The Changeling : Un changeling, dans l'univers fantastique, c'est une créature à l'apparence humaine qui, à la naissance d'un enfant, le remplace. C'est un faux bébé apporté par des fées pour le remplacer dans la vie, tandis que les fées, elles, prennent le vrai enfant humain avec elles. Mais The Changeling, chanson ouvrant admirablement l'album, ne parle pas de cela, les Doors n'étant pas habitués à aborder des sujets pareils dans leurs chansons ! C'était juste, donc, pour l'anecdote que je parlais de ça. Sinon, la chanson parle quand même d'un changement radical, celui de Morrison, qui devient plus 'sérieux' ici et se prend, le plus souvent, pour un vrai bluesman sur L.A. Woman. La chanson est efficace, jouissive, les hurlements de Jim sont tétanisants (You gotta se me chaaaaaaaaange !). Une des meilleures chansons du groupe.
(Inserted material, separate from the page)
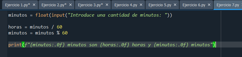 Este programa pide una cantidad de minutos y calcula cuántas horas completas contiene dividiendo entre 60. Después obtiene los minutos sobrantes con el operador módulo % Finalmente muestra el resultado en formato horas y minutos.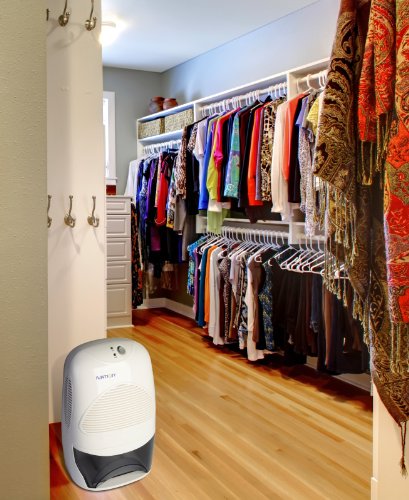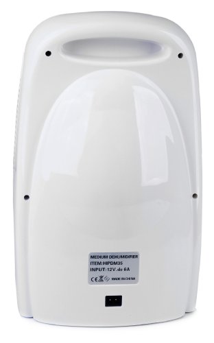 This isn't a watered-down version of a bigger dehumidifier - it's a highly effective mid-size machine in its own right, built around the powerful and whisper-quiet Peltier technology. Because Peltier technology works with no moving parts, we managed to design and develop our dehumidifier as a compact appliance: small, lightweight, low on energy consumption, powerful, effective at drying up musty rooms, and, with all that, a long lifespan. Rated at being suited for spaces up to 2,200 cubic feet, our mid-size dehumidifier is the perfect tool to extract moisture and dust particles from stagnant areas and mildew- and mold-stricken rooms. From bathrooms to laundry rooms to bedrooms to antique cars to boats, it rids the air of mustiness and unpleasant odors while quietly pulling in excess humidity at a rate of up to 20 ounces per day at 86 Degree Fahrenheit and 80% relative humidity. The Ivation mid-size dehumidifier is fitted with a removable water reservoir with a capacity of two full liters. This spares you the hustle of emptying out an overflowing water tank every day, as it can hold approximately 3-days' worth of dehumidifying action. Our dehumidifier is also programmed to shut off automatically once it has reached capacity. An indicator light will go on to remind you to empty the tank out. A 12v DC power adapter is included, and power consumption peaks at 72w, making this an efficient and reliable unit with the comfortable dimensions of 81/2" x 14" x 63/4".Feature

Love Her Madly : Chanson apaisante, apaisée, douce, sur une histoire d'amour pas banale, celle d'un homme dans la force de l'âge (dans les 50/60 ans) pour une jeune fille tout juste majeure (du moins, on l'espère) assez espiègle. La chanson est une pure petite merveille, plus complexe qu'il n'y paraît. La chanson sortira en single (la face B sera une des rarissimes chansons du groupe à ne pas avoir été placées sur album : (You Need Meat) Don't Go No Further) et a été écrite par Robbie Krieger, guitariste du groupe. Vraiment une belle chanson.

Been Down So Long : Un blues-rock à la Derek & The Dominoes, chanson incroyable bénéficiant d'un jeu de guitare incroyable de Krieger. Les deux musiciens participant, en guests, sur tout le disque, Marc Benno (guitare rythmique) et Jerry Scheff (basse), sont particulièrement efficaces ici. En revanche, aucune trace du claviériste Ray Manzarek (qui, sur les précédents albums, jouait aussi de la basse, quand cet instrument n'était pas tenu par un guest du style Doug Lubahn) sur cette chanson, probablement la seule du groupe dans laquelle il ne joue pas une seule note. Pas mon préféré de l'album, mais Been Down So Long est un grand blues-rock.

Cars Hiss By My Window : Un autre blues, ce Cars Hiss By My Window, mais un vrai blues, celui-là, plus lent et sombre. Histoire d'un couple se déchirant dans une chambre d'hôtel, cette chanson est magnifiquement interpréte par un Morrison qui semble avoir mis de côté les aspects les plus sombres de son caractère, et est devenu plus mature. Mis à part les vocalises finales à la Howlin' Wolf, évidemment... Un grand titre de plus pour un album qui, rien qu'avec ces quatre premières chansons, est déjà le meilleur des Portes depuis longtemps.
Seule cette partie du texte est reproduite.